Marriage is all over the headlines these days. First, an anniversary: Earlier this week, Marcia Hams and Susan Shepherd celebrated ten years of legal marriage. In May 2004, after a years-long legal battle, they were the first and only people in line at City Hall in Cambridge, Massachusetts, ready to to receive a marriage license. At the time, they were worried that a protester would shoot them. Now, gay marriage is legal in 19 states, including the entire Northeast.
Court rulings in favor of same-sex marriage have been coming fast and furious. The latest state to jump on the gay-marriage bandwagon is Pennsylvania; on Tuesday, a judge once endorsed by Rick Santorum struck down the state's ban on same-sex unions. On Monday, another federal judge ruled Oregon's same-sex marriage ban unconstitutional.
The landscape has changed so quickly that some commentators are wondering whether the movement is "unstoppable." Americans are more and more likely to favor legalizing gay marriage: A poll released by Gallup today showed that nearly 8-in-10 young adults are in support. (By contrast, only 54 percent of young adults say they are "pro-choice.")
Moreover, the pace is accelerating. Mother Jones notes that "of the nearly two-dozen states that recognize some form of same-sex unions, more than half joined the pack in just the past two years."

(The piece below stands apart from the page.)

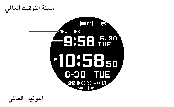 تؤدي كل ضغطة على (A) في وضع عرض التوقيت إلى تغيّر محتويات الشاشة كما هو مبيّن أدناه. تجدر الإشارة إلى أنه بإمكانك عرض الوقت الحالي إلى جانب نوع آخر من المعلومات.

Not all of the progress is happening in the liberal Northeast or on the West Coast. Could judges be outpacing social mores in places like the Midwest and the South? Courts in Idaho and Arkansas struck down gay-marriage bans, although no licenses are being issued. Plenty of people in these states still think homosexuality is immoral.

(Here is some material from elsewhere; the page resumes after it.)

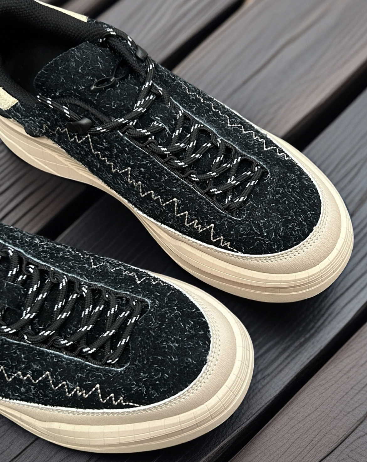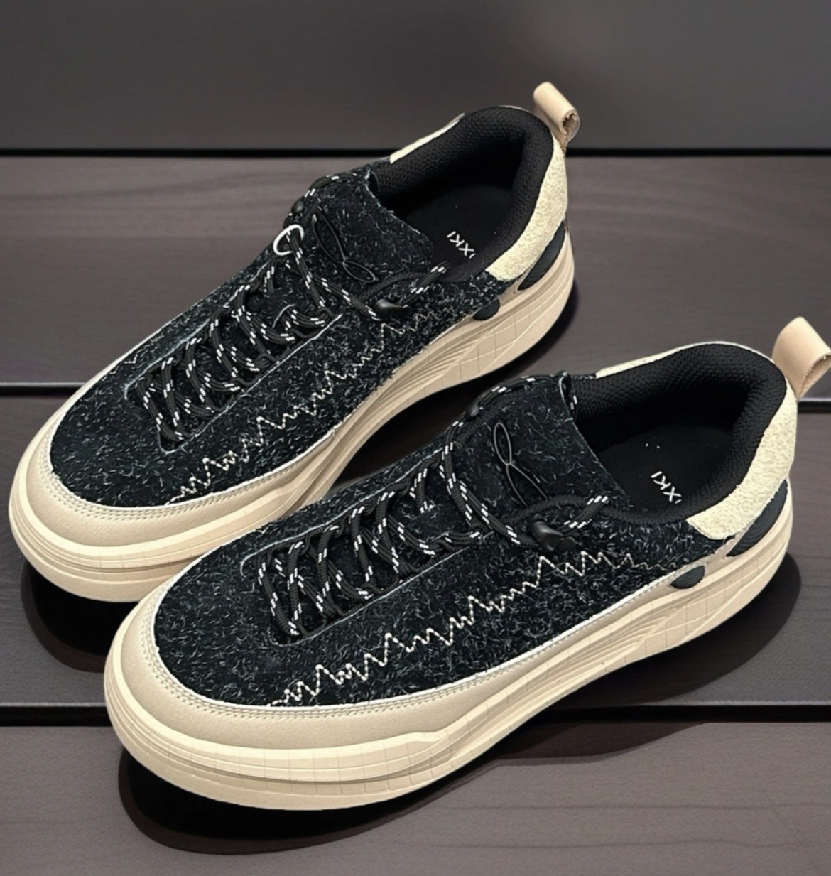 今天分享的这双板鞋,简单的黑色搭配,白色点缀的恰到好处,面料采用了牛仔布的设计,让鞋子更加的柔软,好穿,五厘米左右的厚底,增高效果也是十分OK的呢

But even if conservatives still have trepidations about gay marriage, the notion of "traditional marriage" seems to be going out of vogue. Notre Dame recently refused to recognize a student club advocating for "traditional marriage."
Indiana Republicans seem poised for a scuffle over whether a "traditional marriage" plank should be included in their state platform.

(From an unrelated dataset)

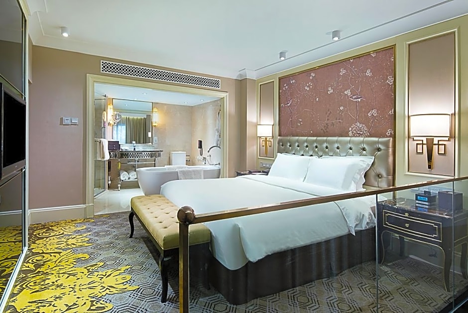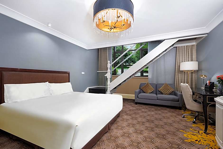 1 King Junior Suite Loft Lounge access is 592 square feet and includes a king-size bed 150-183 width plus extra beds on demand, hairdryer, safe, and bathrobes.

It's perhaps fitting that in this historic week for same-sex marriage, our cultural representations of heterosexual wedded bliss continue to scrape the bottom of the proverbial barrel. A show called "I Wanna Marry Harry" debuted on Fox, where a gaggle of women vie for the hand of a man who claims to be Britain's rapscallion prince.
Except, of course, he's not. Instead, the show's "Prince Harry" is a British environmental consultant with a bad dye job, starring in "the most morally bankrupt reality show since the lawless years of the early aughts."
The show trades in the worst stereotypes of shallow, materialistic women vying for a nonexistent crown. Sometimes, as one reviewer put it, it's just better to skip the royal wedding.